Transform the given parameters into a list of dictonaries that is accepted as param_grid parameter in sklearn.model_selection.GridSearchCV

Parameters:

word_vectors (List[List[WordVectors]]) – A list of a list of word vectors e.g. [[SSWE()], [SSWE(), GloveCommonCrawl()]].
senti_lexicon (List[Lexicon]) – A list of Sentiment Lexicons to be explored for the Left and Right sentiment context (LS and RS). Default None, use the sentiment lexicons already within the model.
tokenisers – A list of tokeniser to be used e.g. str.split(). Default [ark_twokenize]
lowers – A list of bool values which indicate whether to lower case the input words. Default [True]
C – A list of C values for the sklearn.svm.SVC estimator that is used in the pipeline. Default [0.01]
random_state – A list of random_state values for the sklearn.svm.SVC estimator that is used in the pipeline. Default [42]
scale – List of scale values. The list can include sklearn.preprocessing.MinMaxScaler type of clases or None if no scaling is to be used. Default [sklearn.preprocessing.MinMaxScaler]

Returns:

Parameters to explore through cross validation

classmethod get_parameters(word_vectors, senti_lexicon, tokeniser=<function ark_twokenize>, lower=True, C=0.01, random_state=42, scale=MinMaxScaler(copy=True, feature_range=(0, 1)))[source]¶

Transform the given parameters into a dictonary that is accepted as model parameters

Parameters:	word_vectors (`List`[`WordVectors`]) – A list of one or more word vectors to be used as feature vector lookups. If more than one is used the word vectors are concatenated together to create a the feature vector for each word. senti_lexicon (`Lexicon`) – Sentiment Lexicon to be used for the Left and Right sentiment context (LS and RS). tokeniser (`Callable`[[`str`], `List`[`str`]]) – Tokeniser to be used e.g. `str.split()` lower (`bool`) – Whether to lower case the words C (`float`) – The C value for the `sklearn.svm.SVC` estimator that is used in the pipeline. random_state (`int`) – The random_state value for the `sklearn.svm.SVC` estimator that is used in the pipeline. scale (`Any`) – How to scale the data before input into the estimator. If no scaling is to be used set this to None.
Return type:	`Dict`[`str`, `Any`]
Returns:	Model parameters

classmethod name()[source]¶

Return type:	`str`

classmethod normalise_parameter_names(parameter_dict)[source]¶

Converts the output of get_parameters() into a dictionary that can be used as input into get_parameters().

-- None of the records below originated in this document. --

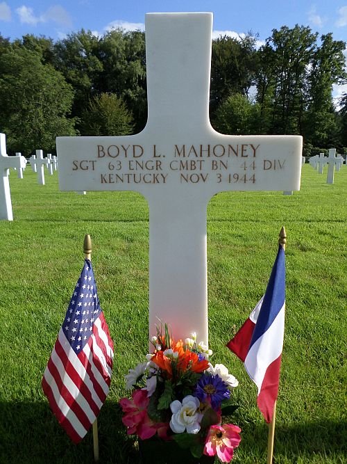 Sgt Boyd L. Mahoney was a routeman before he enlisted at Fort Benjamin Harrison, Indiana on 8 February 1943. He was sent overseas in August 1944.He was killed by artillery shell fragments to his hand.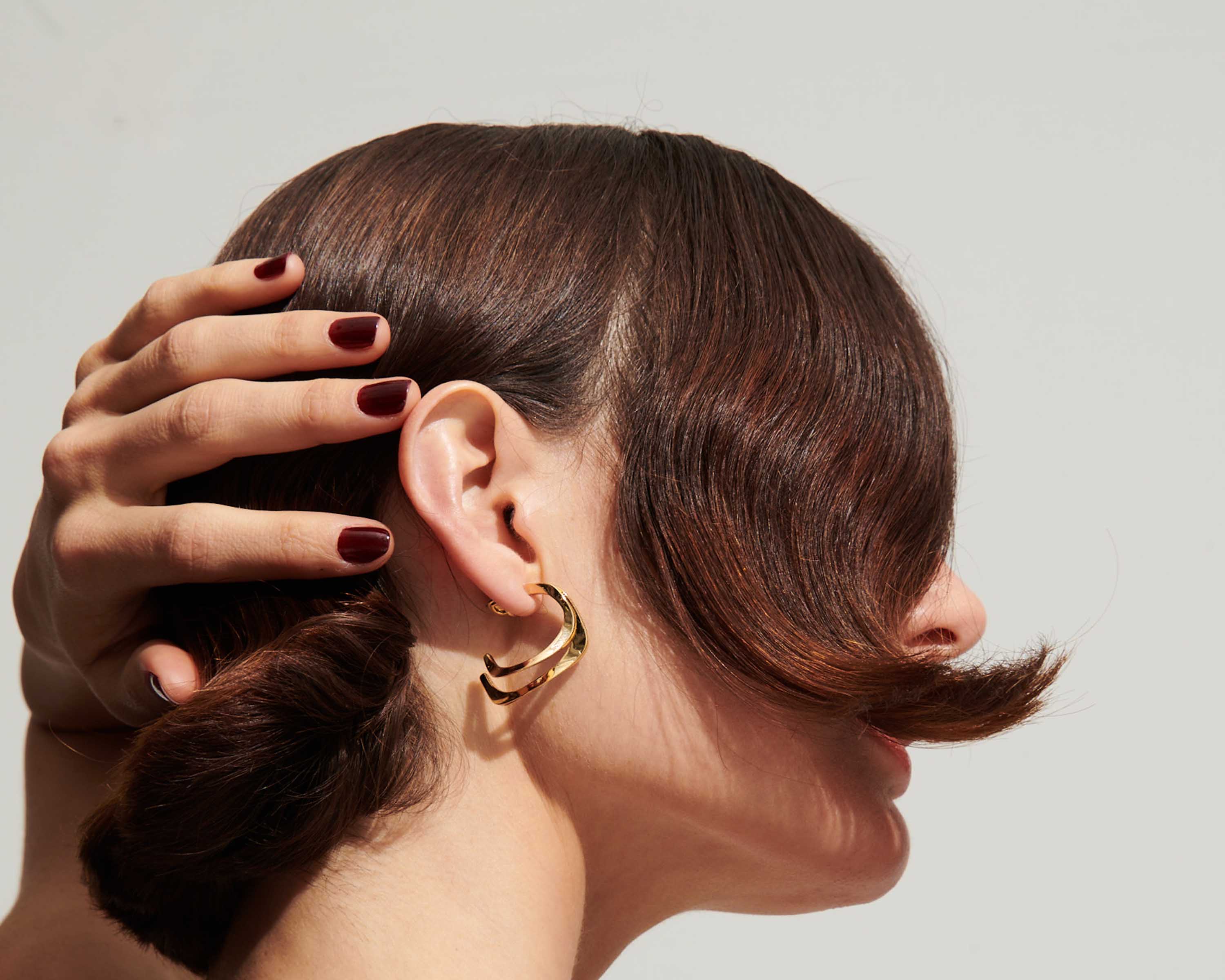 A classic hoop reinvented in an artistic shape. The Sandro features a twisted flat ribbon design with the illusion of wearing two stacked hoops.
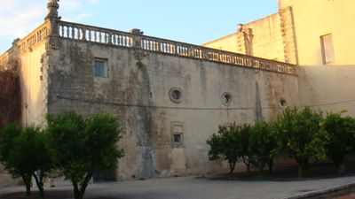 Das Monastero degli Olivetani ist ein romanisches Kloster in der Nähe von Lecce mit zwei rechteckigen Innenhöfen, deren Säulen aus lokalem Kalkstein gefertigt sind. Der zweite Hof enthält einen dekorativen Brunnen mit korinthischen Spiralsäulen.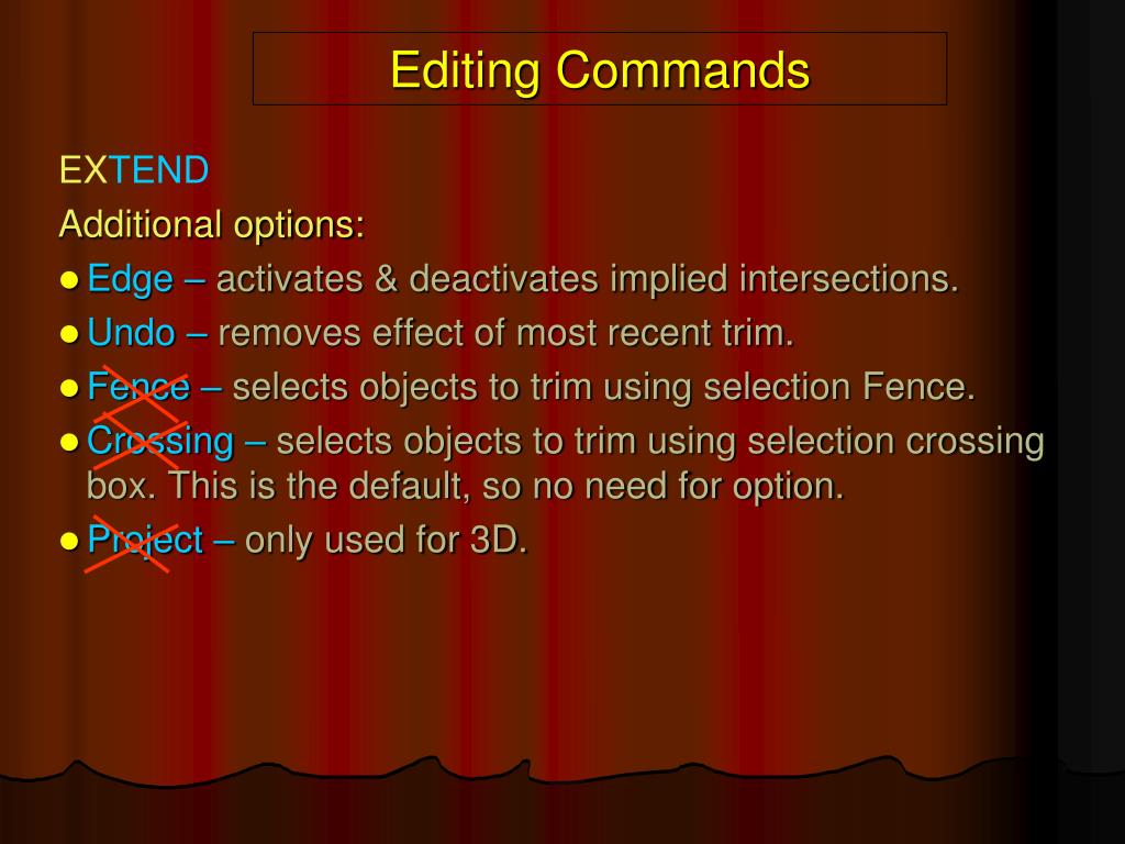 Editing Commands EXTEND Additional options: • Edge – activates & deactivates implied intersections. • Undo – removes effect of most recent trim. • Fence – selects objects to trim using selection Fence. • Crossing – selects objects to trim using selection crossing box. This is the default, so no need for option. • Project – only used for 3D.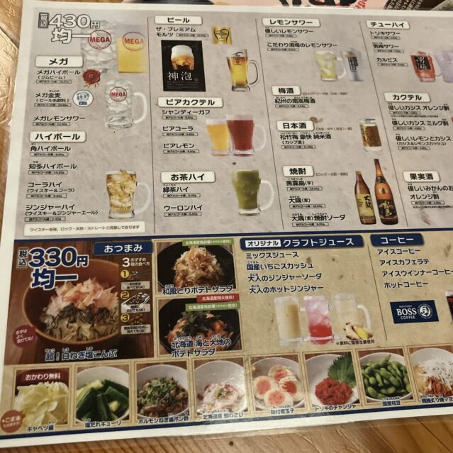 一方で、おつまみやソフトドリンクは330円という構成です。

Return type:	`Dict`[`str`, `Any`]
Returns:	A dictonary that can be used as keyword arguments into the `get_parameters()` method

static pipeline()[source]¶

Machine Learning model that is used as the base template for the model attribute.

Return type:	`Pipeline`
Returns:	The template machine learning model

class bella.models.target.TargetInd(word_vectors, tokeniser=<function ark_twokenize>, lower=True, C=0.01, random_state=42, scale=MinMaxScaler(copy=True, feature_range=(0, 1)))[source]¶

Bases: bella.models.base.SKLearnModel

Attributes:

model – Machine learning model. Expects it to be a sklearn.pipeline.Pipeline instance.
fitted – If the machine learning model has been fitted (default False)
model_parameters – The parameters that are set in the machine learning model. E.g. Parameter could be the tokeniser used.

Methods:

fit – Fit the model according to the given training data.
predict – Predict class labels for samples in X.
probabilities – The probability of each class label for all samples in X.
__repr__ – Name of the machine learning model.

Class Methods:

get_parameters – Transform the given parameters into a dictonary that is accepted as model parameters.
get_cv_parameters – Transform the given parameters into a list of dictonaries that is accepted as param_grid parameter in sklearn.model_selection.GridSearchCV
name – – Returns the name of the model.

Functions:

save – Given a instance of this class will save it to a file.
load – Loads an instance of this class from a file.
pipeline – Machine Learning model that is used as the base template for the model attribute.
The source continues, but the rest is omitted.